Massachusetts District Court Judge Rya Zobel recently dismissed a complaint filed by two construction contractors, and six construction employee associations, seeking to challenge the Commonwealth’s new sick time law.
The Massachusetts Earned Sick Leave law went into effect on July 1, 2015 following overwhelming support from voters in the fall elections. The legislation requires employers with more than 11 employees to provide up to 40 hours of accrued paid sick time to workers at their “same hourly rate” of pay. Employers with fewer than 11 employees are obliged to provide the accrued time as unpaid leave.
An hour of sick time is accrued for every 30 hours worked under the new sick time law, accumulating to up to 40 hours annually. After 90 days of employment, sick time may be used for an employee’s physical and mental health concerns or similar concerns for a direct family member. Employers providing existing leave benefits, if equal to or more comprehensive than the requirements of the new sick time law, will not be required to change their employee benefits.

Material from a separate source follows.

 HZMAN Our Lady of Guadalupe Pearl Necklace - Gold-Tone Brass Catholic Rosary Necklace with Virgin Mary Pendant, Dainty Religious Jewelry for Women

Employers and employer organizations, including the Labor Relations Division of Construction Industries of Massachusetts, filed petitions with the court to challenge the law under concerns that it would change their existing union contracts. Citing the potential for pre-existing union negotiations would be negated by the change, they argued that the new state sick time law was preempted by the federal Labor Management Relations Act (LMRA). The LMRA, a federal collective bargaining law, was a core component of their argument against having to abide by the new rules for union employees. They contended that employees with benefits currently negotiated through a collective bargaining agreement should be exempt from the new legislation.

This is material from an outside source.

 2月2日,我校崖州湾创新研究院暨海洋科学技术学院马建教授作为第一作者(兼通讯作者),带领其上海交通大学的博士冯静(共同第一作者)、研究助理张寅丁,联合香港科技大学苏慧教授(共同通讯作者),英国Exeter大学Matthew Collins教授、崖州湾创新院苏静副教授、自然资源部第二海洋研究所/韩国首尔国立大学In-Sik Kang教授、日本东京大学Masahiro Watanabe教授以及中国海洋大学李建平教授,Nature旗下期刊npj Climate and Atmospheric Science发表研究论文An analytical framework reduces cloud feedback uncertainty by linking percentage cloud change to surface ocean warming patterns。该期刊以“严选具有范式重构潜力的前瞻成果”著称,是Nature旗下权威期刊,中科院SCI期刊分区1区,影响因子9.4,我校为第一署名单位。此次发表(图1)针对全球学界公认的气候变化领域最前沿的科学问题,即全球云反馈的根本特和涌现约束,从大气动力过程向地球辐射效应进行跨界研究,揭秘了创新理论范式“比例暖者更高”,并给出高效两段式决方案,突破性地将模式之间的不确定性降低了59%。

In addition, the plaintiffs brought concerns regarding the definition of “same hourly rate” and posed situations under which the term could cause confusion when calculating a sick time pay rate. Additionally, the plaintiffs requested an amendment stating that the new regulations be preempted by a separate federal law known as the Employee Retirement and Income Security Act (ERISA), which was also denied by the court.
Zobel held in the recent hearing that the LMRA does not preempt the new Massachusetts sick time law. In addition, regarding the interpretation of “hourly rate”, Zobel wrote, “If petitioners’ assumptions about how the law will be implemented and applied transport us from the factual to the hypothetical, then their scant allegations about the agreements with which it will conflict carry us on to the fantastical.”
The plaintiffs were provided with two weeks after the hearing date to file a new complaint on the allegation of the law’s conflict with ERISA.